[Extracted records]
═══
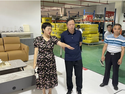 在喜临门过渡性厂房,调研组认真查看了厂房建设、设备安装、生产经营等情况,同时与项目负责人进行深入交谈,详细了解项目建设推进情况和项目建设过程中遇到的困难和问题,并现场研究解决。
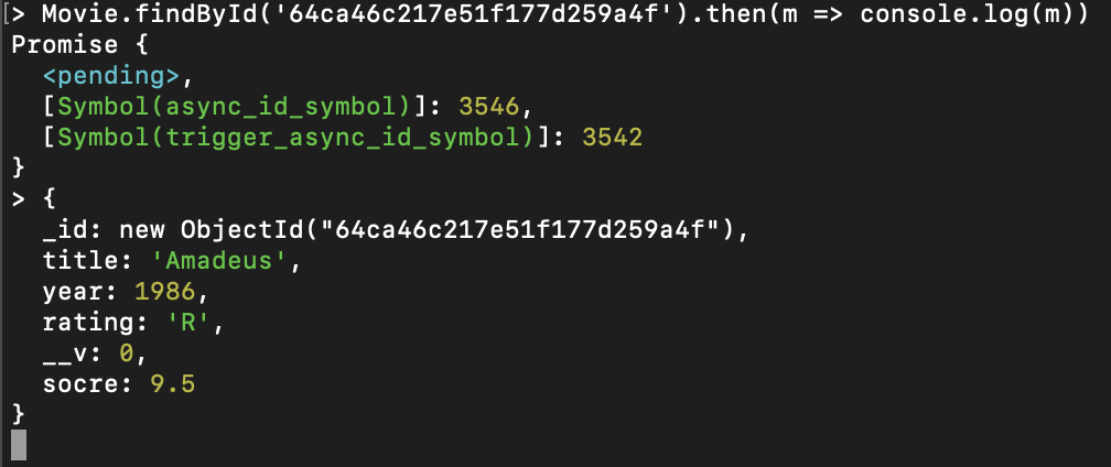 Movie.findById('64ca46c217e51f177d259a4f').then(m => console.log(m))
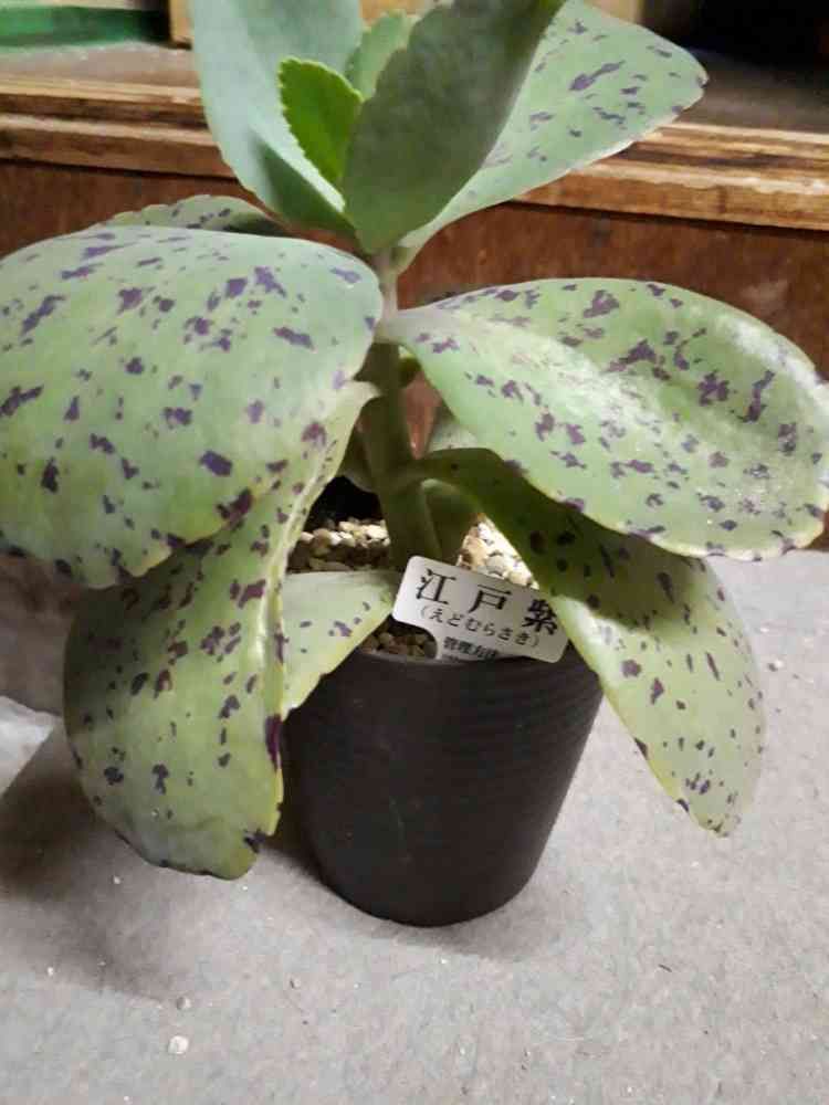 おはようございます☀昨夜撮影したカランコエ属江戸紫🍀名前が気に入って狩っちゃいましたし☺半年くらい前かな?徒長していたのを覚えています😢サイズは倍くらいになり、徒長も若干おさまっているかな😅
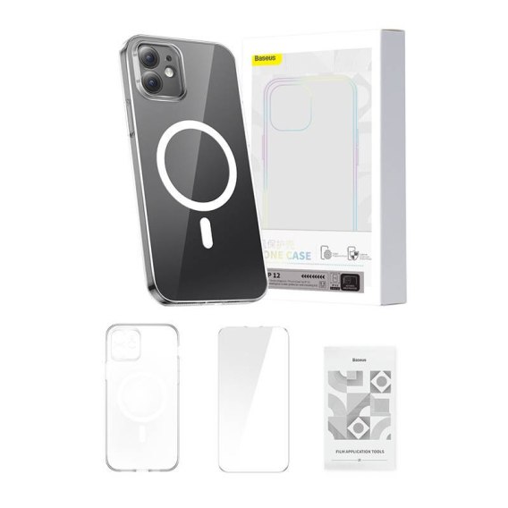 Etui ochronne Baseus Magnetic Crystal Clear do iPhone'a 12 (transparentne) + szkło hartowane + zestaw czyszczący
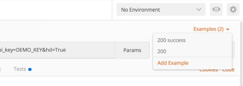 pm.collectionVariables.set("variable_key", "variable_value"); pm.collectionVariables.get("variable_key"); - Environment:环境变量允许请求适应不同的环境,例如:本地、测试、预演和生产环境,常常用来区别请求地址。
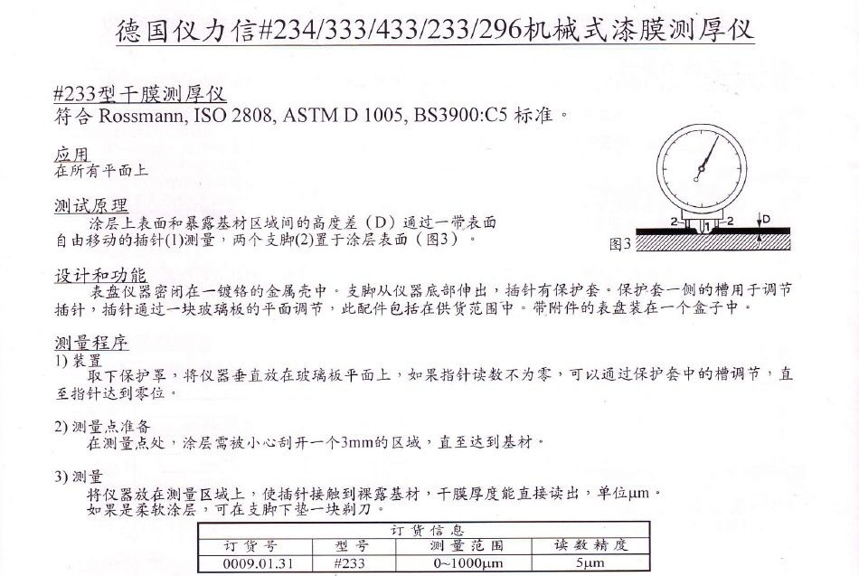 干膜涂层的D值与233相同,其D值是由一支可上下伸缩的测试针
═══
- _ASSIGNMENT_: Please print the entries above exactly. Skip every picture.

- _ANSWER_:
 在喜临门过渡性厂房,调研组认真查看了厂房建设、设备安装、生产经营等情况,同时与项目负责人进行深入交谈,详细了解项目建设推进情况和项目建设过程中遇到的困难和问题,并现场研究解决。
 Movie.findById('64ca46c217e51f177d259a4f').then(m => console.log(m))
 おはようございます☀昨夜撮影したカランコエ属江戸紫🍀名前が気に入って狩っちゃいましたし☺半年くらい前かな?徒長していたのを覚えています😢サイズは倍くらいになり、徒長も若干おさまっているかな😅
 Etui ochronne Baseus Magnetic Crystal Clear do iPhone'a 12 (transparentne) + szkło hartowane + zestaw czyszczący
 pm.collectionVariables.set("variable_key", "variable_value"); pm.collectionVariables.get("variable_key"); - Environment:环境变量允许请求适应不同的环境,例如:本地、测试、预演和生产环境,常常用来区别请求地址。
 干膜涂层的D值与233相同,其D值是由一支可上下伸缩的测试针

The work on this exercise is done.